PSR J0738−4042

Observation data Epoch J2000 Equinox ICRS
- Constellation: Puppis^{[citation needed]}
- Right ascension: 07^{h} 38^{m} 32.329^{s}^{[citation needed]}
- Declination: −40° 42′ 40.94″^{[citation needed]}

Characteristics
- Spectral type: Pulsar

Astrometry
- Distance: 37,000^{[citation needed]} ly (11,300^{[citation needed]} pc)

Details
- Rotation: 0.374919985032 s
- Age: 4.32 Myr
- Other designations: PSR J0738−4042

Database references
- SIMBAD: data

= PSR J0738−4042 =

Pulsar in the constellation Puppis

PSR J0738−4042 is the first pulsar observed to have been affected by asteroids.

It was originally discovered in 1968. In 2013 scientists at the University of Oxford, Hartebeesthoek Observatory and CSIRO announced that they had observed changes in the pulsar's spin rate and the shape of its radio pulse indicating that asteroids were encountering it, including one with a mass of about a billion tons.

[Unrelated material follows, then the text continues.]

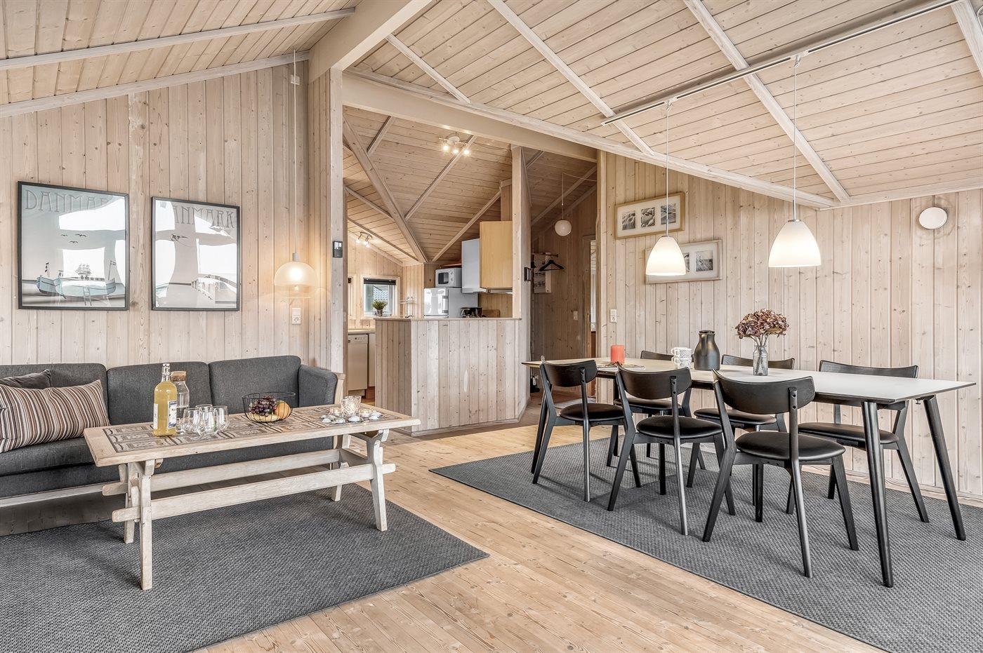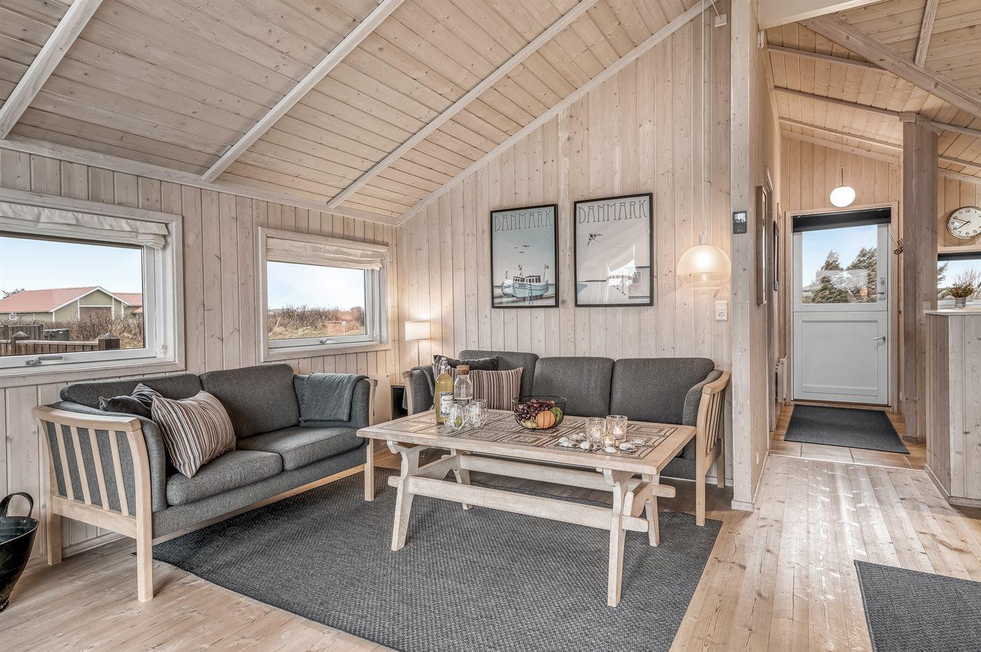 Et lyst og velholdt sommerhus med havkik fra stuen og havudsigt fra grunden.
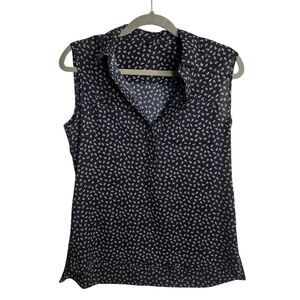 Ann Taylor Preppy Old Money Popover Blouse Sleeveless Collared Anchor Print Sz S

We think the pulsar's radio beam zaps the asteroid, vaporising it. But the vaporised particles are electrically charged and they slightly alter the process that creates the pulsar's beam.
— Dr. Ryan Shannon

The scientists suggested that the material blown out from the explosion which formed the pulsar could have fallen back towards it, developing a disk of debris including asteroids.